Im vergangenen Jahr hat es den Ulmer Softwarehersteller S.A.D. getroffen, ebenfalls Anbieter eines DVD-Kopierprogramms. Die Firma hatte ein Programm auf den Markt gebracht, mit dem es möglich war, geschützte DVDs mehrfach zu kopieren. Gestützt auf das Rechtsgutachten eines prominenten Informationsrechtlers hielt S.A.D. das für rechtens. Prompt flatterte die Abmahnung der Musikindustrie ins Haus. S.A.D. gab sich kampfeslustig und versprach, den Weg durch die Instanzen anzutreten, gab jedoch angesichts der drohenden Prozesskosten klein bei, als der Richter sich weigerte, den von der Industrie angesetzten Streitwert von einer Million Euro zu überprüfen.

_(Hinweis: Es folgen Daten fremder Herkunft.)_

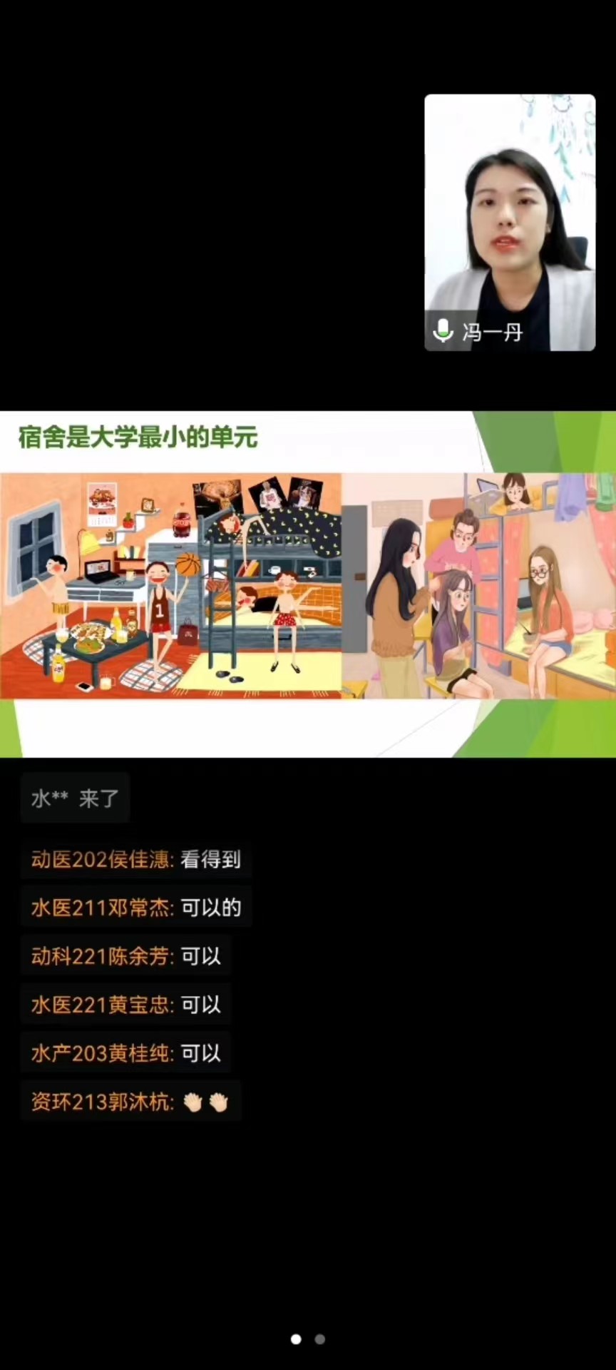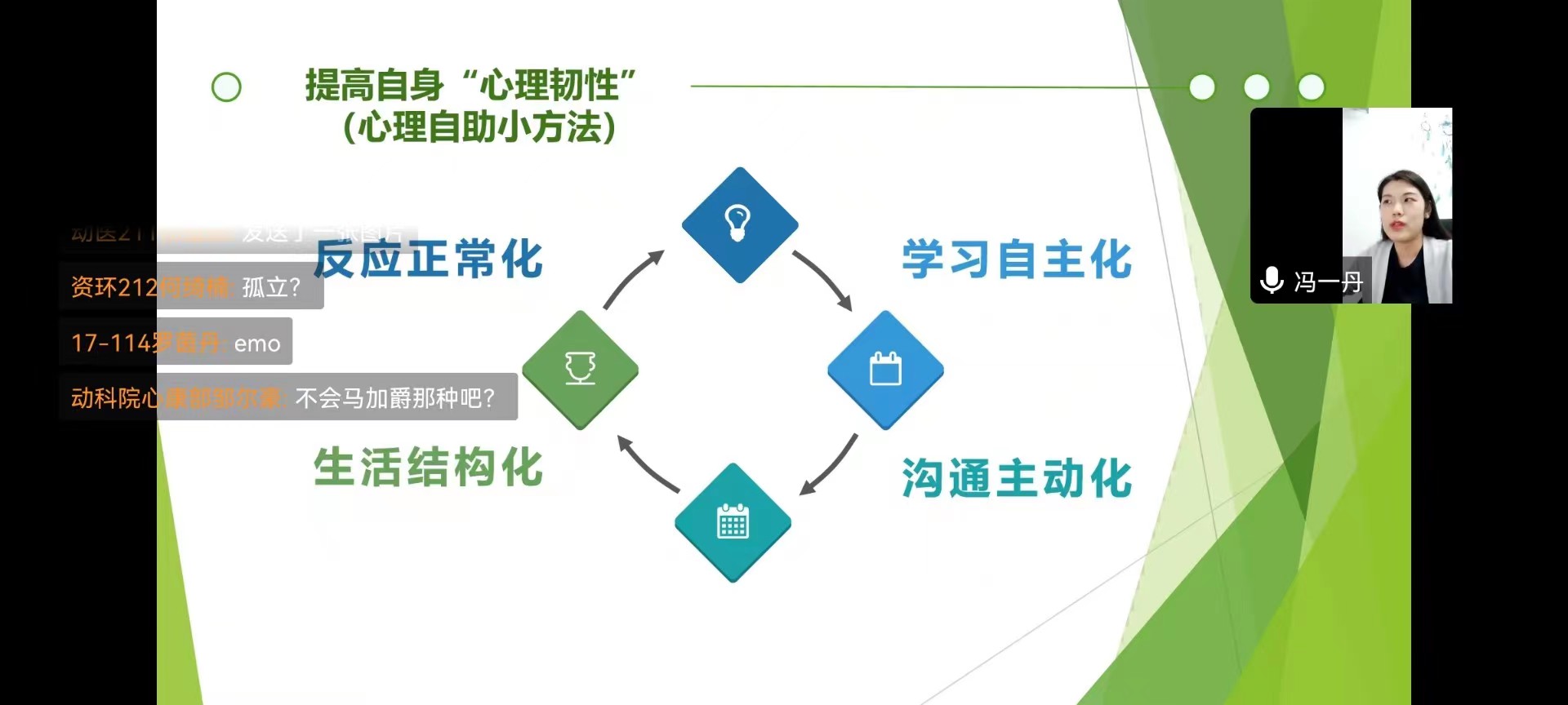 本次会议围绕新形势下老员工的心理特征、疫情反复下老员工的心理特征、宿舍心康员如何发现问题和宿舍心康员的“助人与自助”四个方面展开。首先,冯一丹指出,宿舍心康员同时具有心理知心人、宿舍守护者和危机汇报员这三个角色的特点,并分享了做好这三个角色的具体方法。接着,她向宿舍心康员们普及了大多数在校老员工心理问题的来源,以及在疫情反复中老员工可能遇到的困难和心理失衡的表现,并从精神、认知、情绪三方面给宿舍心康员们支招,教导大家及时发现并反映舍友的异常行为。然后,在bevictor伟德官网四位同学的配合下,冯一丹利用“一人一故事剧场应用戏剧”的方式,让大家感受到日常冲突是怎么发生的,引出朋辈心理辅导基本理念:尊重、温暖、真诚、共情、积极关注。最后,冯一丹分享了四个心理自助小方法:反应正常化、生活结构化、沟通主动化和学习自主化,强调帮助他人前先学会自助,宿舍心康员们要提高自身“心理韧性”,坚持主动关怀、精准研制、寻找资源、积极转介。

Den Streitwert im »Fall Heise« haben die Musikunternehmen bei 250 000 Euro angesetzt, berichtet Joerg Heidrich, Justiziar das Verlags. Wie beim Vorgehen gegen S.A.D. wurde die Abmahnung von acht Firmen der Musikindustrie veranlasst. Ein Blick ins Rechtsanwaltsvergütungsgesetz zeigt, dass bei acht Parteien die Gebühren das Maximum erreichen. Das sei aber nicht der Grund für die Anzahl der Mandanten, sagt Frommer: »Wenn wir das Mandat von zehn Firmen bekommen hätten, wären es eben zehn gewesen.« Verwunderlich ist nur, dass die Unternehmen Bertelsmann und Edel jeweils von zwei Tochterfirmen vertreten sind.

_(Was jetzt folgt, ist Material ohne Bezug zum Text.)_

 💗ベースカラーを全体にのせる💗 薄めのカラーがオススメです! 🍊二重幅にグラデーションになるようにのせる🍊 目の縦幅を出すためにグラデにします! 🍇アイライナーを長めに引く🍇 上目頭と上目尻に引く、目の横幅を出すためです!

Nun sind derartige Methoden von juristischen Tricksereien in der Geschäftswelt üblich. Man kann das bedauern, aber es geht nicht darum, über die Ungerechtigkeit der Welt zu lamentieren, sondern darum, darauf hinzuweisen, dass die Produktion von Meinung in Wort, Schrift und Bild etwas anderes ist als die Herstellung von Dachpappe, wie es Herbert Riehl-Heyse einmal formulierte.

Insofern kann man froh sein, dass die Abmahnung den Heise-Verlag getroffen hat und nicht einen Ärmeren oder Nachgiebigeren aus der Branche. Der Verlag hat die Abmahnung zurückgewiesen, die Musikkonzerne haben eine einstweilige Verfügung beantragt. Und siehe da, am Montag vergangener Woche hat das Landgericht München den Antrag zurückgewiesen – allerdings nur in Teilen: Heise muss demnach den Link aus dem Artikel entfernen. Natürlich tauchte er Minuten später in einem Forumsbeitrag zum Artikel wieder auf.

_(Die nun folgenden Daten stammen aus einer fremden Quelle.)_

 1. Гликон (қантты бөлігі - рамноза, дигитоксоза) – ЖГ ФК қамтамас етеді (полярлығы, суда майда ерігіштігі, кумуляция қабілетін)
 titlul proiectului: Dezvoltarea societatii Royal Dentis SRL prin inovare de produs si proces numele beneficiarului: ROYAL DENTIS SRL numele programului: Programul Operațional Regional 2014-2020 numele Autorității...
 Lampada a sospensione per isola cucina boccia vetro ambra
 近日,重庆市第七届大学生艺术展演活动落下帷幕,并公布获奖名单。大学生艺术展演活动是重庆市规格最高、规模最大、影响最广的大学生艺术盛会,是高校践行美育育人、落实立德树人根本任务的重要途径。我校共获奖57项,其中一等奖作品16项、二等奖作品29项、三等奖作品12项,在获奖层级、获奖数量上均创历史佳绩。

Noch liegt die schriftliche Urteilsbegründung nicht vor. Der Verlag kündigt an, das Urteil zu prüfen und dann zu entscheiden, ob man weiter dagegen vorgehen werde. Trotz der zu erwartenden hohen Prozesskosten werde man das Verfahren auch über mehrere Instanzen führen. Auf den Fortgang darf man gespannt sein. In den Redaktionen natürlich, aber auch im Bundesjustizministerium.